AbbVie’s patent-aggressive US strategy for flagship Humira pays off, as judge dismisses lawsuit alleging anticompetitive activity
AbbVie has long fiercely protected its flagship Humira — the world’s bestselling drug — with a patent raincoat perhaps as durable as a Mackintosh. And while it has made a series of moves for a post-Humira future, notably the $63 billion acquisition of Allergan, a US judge has ruled in favor of the company against allegations that it engaged in anticompetitive conduct to elbow out rivals in the United States.
The allegation is hardly novel. A host of critics, including US lawmakers, have long admonished the company’s patent-aggressive approach to insulate Humira from US biosimilar competition. AbbVie currently holds more than 100 patents for Humira and through deals it has eked out with rivals, the first US biosimilar isn’t expected to hit the market until 2023 — two decades since the drug was first introduced.
In 2018 alone, the anti-inflammatory biologic raked in peak sales of $20 billion — or the current market capitalization of Incyte. Between 2012 and 2018, it generated US sales of more than $56 billion.
When AbbVie’s main patent for Humira ran out in 2016, AbbVie applied for a raft of new patents — solely for the purpose of shielding the drug from any biosimilar competition in the United States, the complaint alleged, adding that the move was further strengthened by AbbVie’s agreements with rivals Amgen, Samsung Bioepis, and Novartis’ Sandoz to keep biosimilars off the US market until 2023.
“AbbVie has exploited advantages conferred on it through lawful practices and to the extent this has kept prices high for Humira, existing antitrust doctrine does not prohibit it, US District Judge Manish Shah wrote in an order dismissing the lawsuit on Monday.
The plaintiffs in the lawsuit are indirect purchasers of Humira, including the City of Baltimore, an insurance trust fund for Miami police officers and a benefit plan for pipe trade workers in Minnesota.
Their allegations, that Humira competition was blocked in the United States via a so-called “patent thicket,” also highlighted that AbbVie has worked out deals with biosimilar companies to launch in Europe despite existing patents there.
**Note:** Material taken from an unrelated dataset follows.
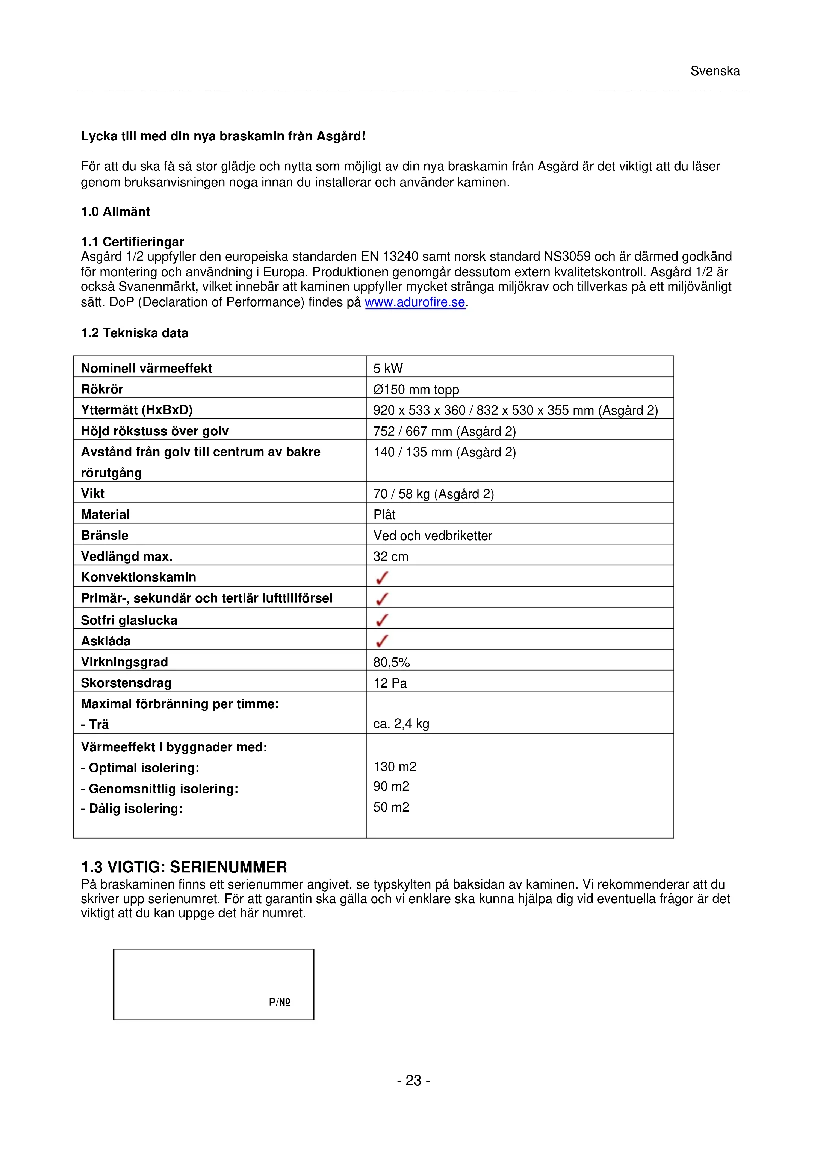 På braskaminen finns ett serienummer angivet, se typskylten på baksidan av kaminen. Vi rekommenderar att du skriver upp serienumret. För att garantin ska gälla och vi enklare ska kunna hjälpa dig vid eventuella frågor är det viktigt att du kan uppge det här numret. Svenska P/Nr._______________________________________________________________________________________________________________________________

In the first full year after European biosimilars launched, Humira’s international sales fell by 28% to $4.3 billion.
When grilled about AbbVie’s conduct at a Congressional drug price hearing last year, AbbVie chief Richard Gonzalez said that while some European nations have bagged an 80% discount on Humira, the US price (about $4,500) of the drug and the sales it generates is what keeps the company’s R&D engine hot.
AbbVie’s conduct constituted a “disparate set of aggressive but mostly protected actions to allege a scheme to harm competition and maintain high prices,” the judge acknowledged on Monday.
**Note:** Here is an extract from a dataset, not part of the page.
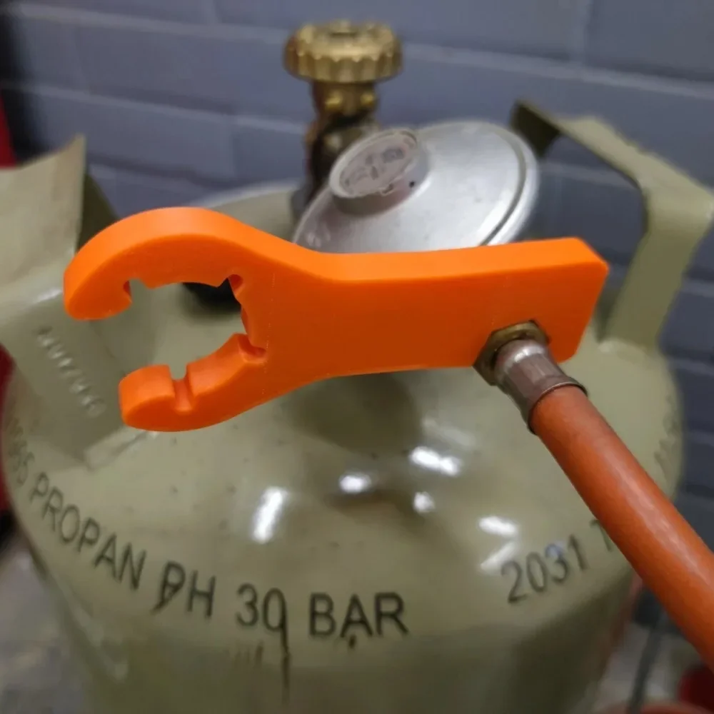 Functionality: Serves as a "2in1 Gas Wrench", designed to securely tighten and loosen common nuts on gas regulators, bottle connectors, and potentially the main cylinder valve. It provides leverage without risking overtightening.

But even when the allegations are “considered broadly and together for their potential to restrain trade, they “fall short of alleging the kind of competitive harm remedied by antitrust law,” he said.
His reasons for dismissing the lawsuit were twofold — that the plaintiffs’ theory of antitrust injury was too speculative, and that AbbVie is largely protected by the Noerr–Pennington doctrine.
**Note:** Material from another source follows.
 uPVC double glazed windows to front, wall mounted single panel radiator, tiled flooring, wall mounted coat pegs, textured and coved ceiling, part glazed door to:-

The doctrine, which developed in the context of two US Supreme Court cases decided during the 1960s, is a defense rooted in the First Amendment. In essence, the doctrine renders a company or individual immune from anticompetitive liability if their activity is a good-faith attempt to seek government action, even if that action is injurious to a competitor.
In AbbVie’s case, the company has asserted there is nothing illegal about amassing a broad portfolio of legitimate patents and that, even if a few were issued erroneously, the Noerr–Pennington doctrine immunizes it from liability.
The judge agreed.
“Here, the vast majority of the alleged scheme is immunized from antitrust scrutiny, and what’s left are a few sharp elbows thrown at sophisticated competitors participating in regulated patent and biologic-drug regimes,” he said. “Some of AbbVie’s conduct was not immunized by the Noerr–Pennington doctrine—including what plaintiffs allege to be the heart of their monopolization claim—but much of what preceded and followed that conduct was immunized, which makes the entirety of alleged monopolization scheme immune, because plaintiffs’ theory depends on all the components of AbbVie’s conduct as the means to suppress competition.”
Meanwhile, AbbVie’s plan to fill the Humira-sized hole in its portfolio is in full swing. The Allergan buyout, which was consummated in May, will relegate Humira to a 36% share of product sales and 40% of gross profit by the end of 2022, compared to 58% of revenue and 63% of gross profit last year, according to calculations by SVB Leerink analyst Geoffrey Porges.
The company has also secured the approval of two follow-up anti-inflammatory drugs that have been tapped as potential blockbusters: Rinvoq and Skyrizi. On Wednesday, it also forked over $750 million in cash and up to $3.15 billion more in milestones to ally with Genmab on a slate of 7 development and discovery cancer programs.